* [RECORDS]
________________________________________
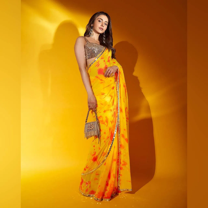 Rakul Preet is wearing a yellow color tie and a dye handmade saree in georgette. Mirror and embroidery work has been done on the borders of the saree as well as on the blouse. She has also carried heavy earrings. This kind of lightweight saree is perfect and comfortable for every special occasion.
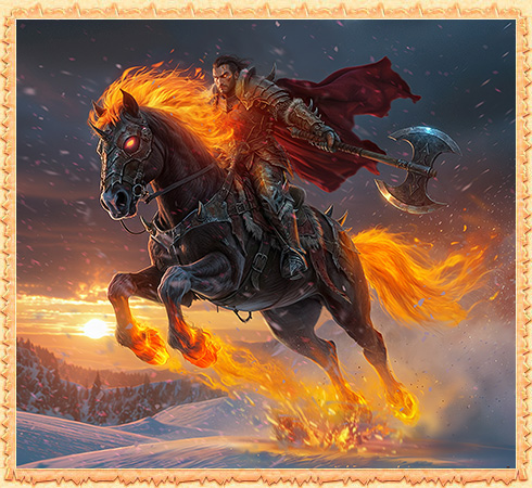 Снег дымится под копытами, из ноздрей вырывается пламя. Дракон, а не конь! Враги в панике рассеются перед всадником на таком жеребце, а их поместья будут обращены в угли и пепел.
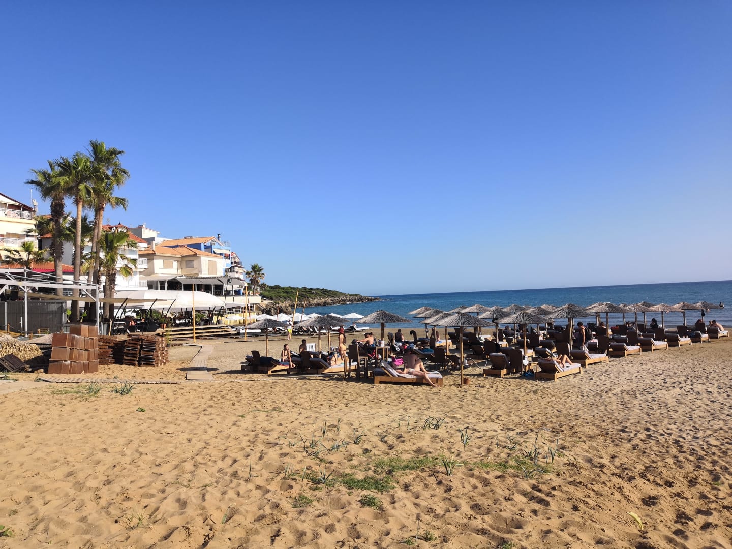 Strandabschnitt des Hotels mit kostenfreien Liegen und Schirmen
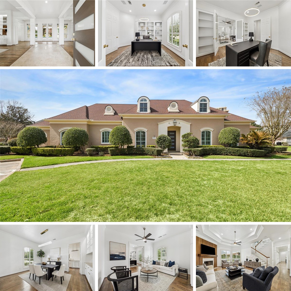 CUSTOM ONE AND HALF-STORY PATIO HOME NESTLED WITHIN A GATED COMMUNITY & UPGRADED WITH UNRIVALED FINE FINISHES! Real wood flooring, recently sanded and finished with new stain. New interior paint, custom fireplace, Viking SS appliances, upstairs game room, two offices, and new carpet. Incredibly private back yard with recently re-plastered pool. Double paned windows. New quartz countertops in the upstairs bathrooms. Ensuite baths for all bedrooms. Amazing architectural features throughout this one of a kind home. HOA fees include lawn care(except flower beds)! WOW
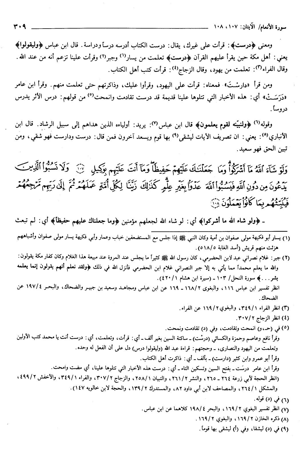 {وَلَوْ شَاءَ اللَّهُ مَا أَشْرَكُوا وَمَا جَعَلْنَاكَ عَلَيْهِمْ حَفِيظًا وَمَا أَنْتَ عَلَيْهِمْ بِوَكِيلٍ {107} وَلا تَسُبُّوا الَّذِينَ يَدْعُونَ مِنْ دُونِ اللَّهِ فَيَسُبُّوا اللَّهَ عَدْوًا بِغَيْرِ عِلْمٍ كَذَلِكَ زَيَّنَّا لِكُلِّ أُمَّةٍ عَمَلَهُمْ ثُمَّ إِلَى رَبِّهِمْ مَرْجِعُهُمْ فَيُنَبِّئُهُمْ بِمَا كَانُوا يَعْمَلُونَ {108} } [الأنعام: 107-108] {وَلَوْ شَاءَ اللَّهُ مَا أَشْرَكُوا} [الأنعام: 107] أي: لو شاء الله لجعلهم مؤمنين، {وَمَا جَعَلْنَاكَ عَلَيْهِمْ حَفِيظًا} [الأنعام: 107] أي: لم تبعث
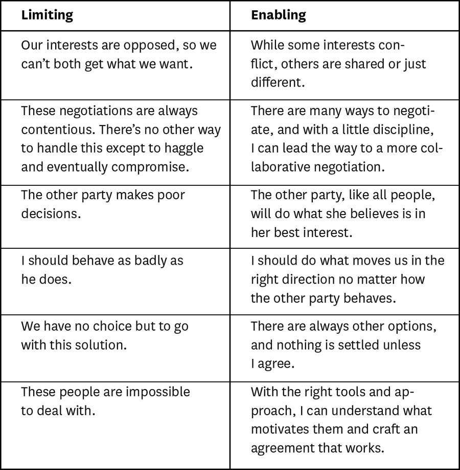 To address your negative ideas about how the negotiation will go, reframe them into âenablingâ assumptionsâones that support a more positive outcome. (If you arenât able to disprove myths about the other party, this approach can work for her as well.)
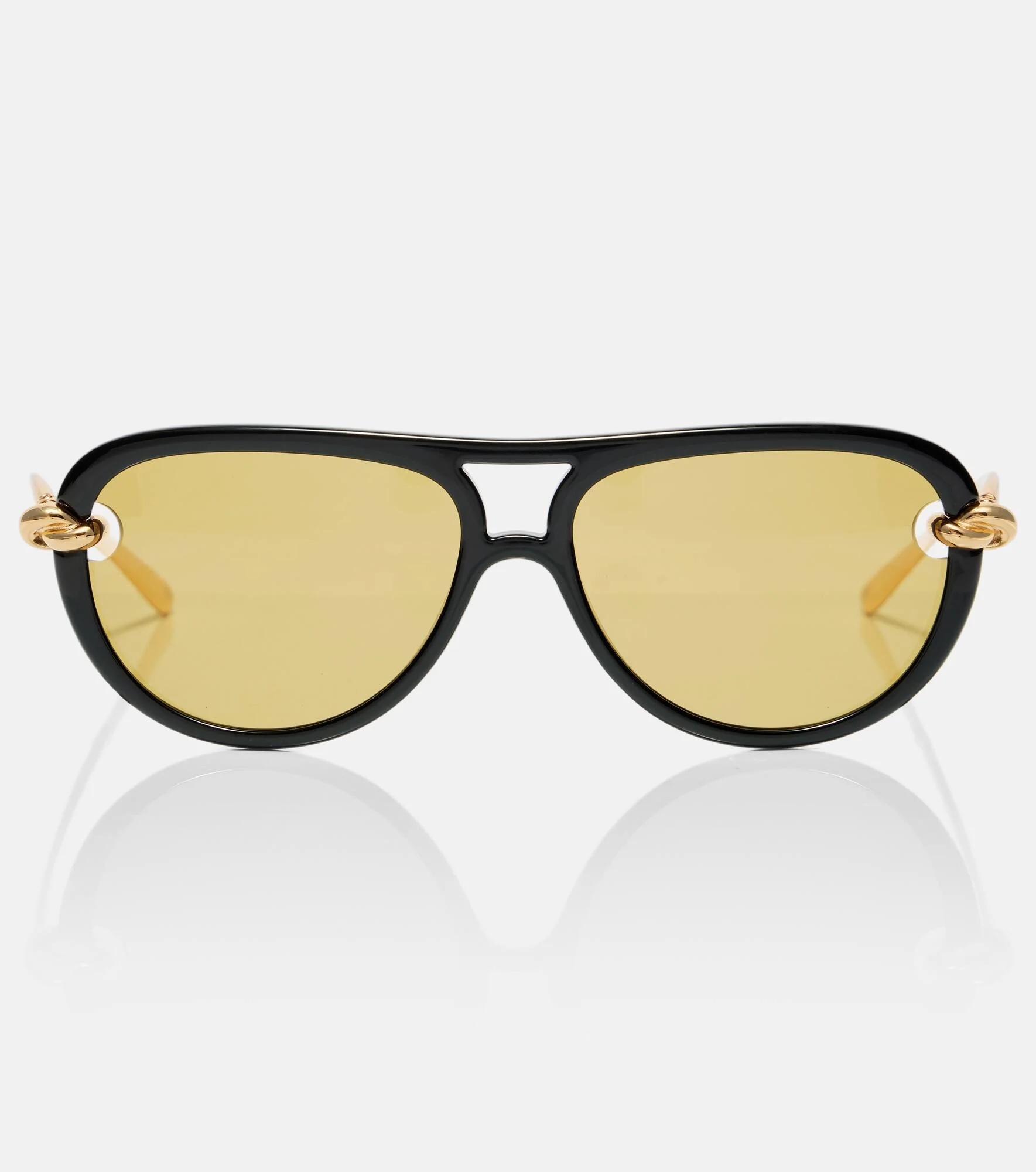 Synonymous with Bottega Veneta since the ‘90s, knotted details have become inextricably linked to the house identity. These aviator sunglasses feature metal temples with the iconic motif at the hinges. Product Details - Frame material: acetate, metal - Frame color: black, gold - Lens filter category 2 - Lens color: yellow - Made in Japan - Includes: case, cleaning cloth - The color of the case may vary - Item number: P01100222 Size & Fit - Lens width: 55mm-2.15" - Bridge size: 10mm-0.4" - Earpiece length: 145mm-5.7"
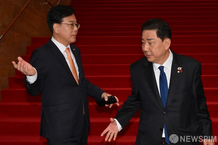 [서울=뉴스핌] 정일구 기자 = 김병기 더불어민주당 원내대표와 송언석 국민의힘 원내대표가 9일 서울 여의도 국회에서 우원식 국회의장 주재 회동을 마치고 대화하고 있다. 2025.12.09 mironj19@newspim.com
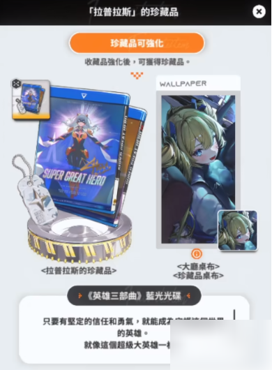 在游戏里,收藏品与珍藏品可被视作角色的第五件装备。玩家有机会获取收藏品箱子,打开后可随机开出各品阶的收藏品。在每个角色页面的左上角,玩家能够赠送一个收藏品,送出的收藏品会自动装备到角色身上。需要特别注意的是,收藏品一旦装备便无法摘除。不过,SR品阶的收藏品在替换R品阶收藏品时,可继承其经验,而被替换掉的R品阶收藏品不会返还,将会直接消失。
________________________________________
* [WHAT TO PRODUCE] Repeat the entries exactly, pictures left out.

* [RESULT OF THIS TASK]
 Rakul Preet is wearing a yellow color tie and a dye handmade saree in georgette. Mirror and embroidery work has been done on the borders of the saree as well as on the blouse. She has also carried heavy earrings. This kind of lightweight saree is perfect and comfortable for every special occasion.
 Снег дымится под копытами, из ноздрей вырывается пламя. Дракон, а не конь! Враги в панике рассеются перед всадником на таком жеребце, а их поместья будут обращены в угли и пепел.
 Strandabschnitt des Hotels mit kostenfreien Liegen und Schirmen
 CUSTOM ONE AND HALF-STORY PATIO HOME NESTLED WITHIN A GATED COMMUNITY & UPGRADED WITH UNRIVALED FINE FINISHES! Real wood flooring, recently sanded and finished with new stain. New interior paint, custom fireplace, Viking SS appliances, upstairs game room, two offices, and new carpet. Incredibly private back yard with recently re-plastered pool. Double paned windows. New quartz countertops in the upstairs bathrooms. Ensuite baths for all bedrooms. Amazing architectural features throughout this one of a kind home. HOA fees include lawn care(except flower beds)! WOW
 {وَلَوْ شَاءَ اللَّهُ مَا أَشْرَكُوا وَمَا جَعَلْنَاكَ عَلَيْهِمْ حَفِيظًا وَمَا أَنْتَ عَلَيْهِمْ بِوَكِيلٍ {107} وَلا تَسُبُّوا الَّذِينَ يَدْعُونَ مِنْ دُونِ اللَّهِ فَيَسُبُّوا اللَّهَ عَدْوًا بِغَيْرِ عِلْمٍ كَذَلِكَ زَيَّنَّا لِكُلِّ أُمَّةٍ عَمَلَهُمْ ثُمَّ إِلَى رَبِّهِمْ مَرْجِعُهُمْ فَيُنَبِّئُهُمْ بِمَا كَانُوا يَعْمَلُونَ {108} } [الأنعام: 107-108] {وَلَوْ شَاءَ اللَّهُ مَا أَشْرَكُوا} [الأنعام: 107] أي: لو شاء الله لجعلهم مؤمنين، {وَمَا جَعَلْنَاكَ عَلَيْهِمْ حَفِيظًا} [الأنعام: 107] أي: لم تبعث
 To address your negative ideas about how the negotiation will go, reframe them into âenablingâ assumptionsâones that support a more positive outcome. (If you arenât able to disprove myths about the other party, this approach can work for her as well.)
 Synonymous with Bottega Veneta since the ‘90s, knotted details have become inextricably linked to the house identity. These aviator sunglasses feature metal temples with the iconic motif at the hinges. Product Details - Frame material: acetate, metal - Frame color: black, gold - Lens filter category 2 - Lens color: yellow - Made in Japan - Includes: case, cleaning cloth - The color of the case may vary - Item number: P01100222 Size & Fit - Lens width: 55mm-2.15" - Bridge size: 10mm-0.4" - Earpiece length: 145mm-5.7"
 [서울=뉴스핌] 정일구 기자 = 김병기 더불어민주당 원내대표와 송언석 국민의힘 원내대표가 9일 서울 여의도 국회에서 우원식 국회의장 주재 회동을 마치고 대화하고 있다. 2025.12.09 mironj19@newspim.com
 在游戏里,收藏品与珍藏品可被视作角色的第五件装备。玩家有机会获取收藏品箱子,打开后可随机开出各品阶的收藏品。在每个角色页面的左上角,玩家能够赠送一个收藏品,送出的收藏品会自动装备到角色身上。需要特别注意的是,收藏品一旦装备便无法摘除。不过,SR品阶的收藏品在替换R品阶收藏品时,可继承其经验,而被替换掉的R品阶收藏品不会返还,将会直接消失。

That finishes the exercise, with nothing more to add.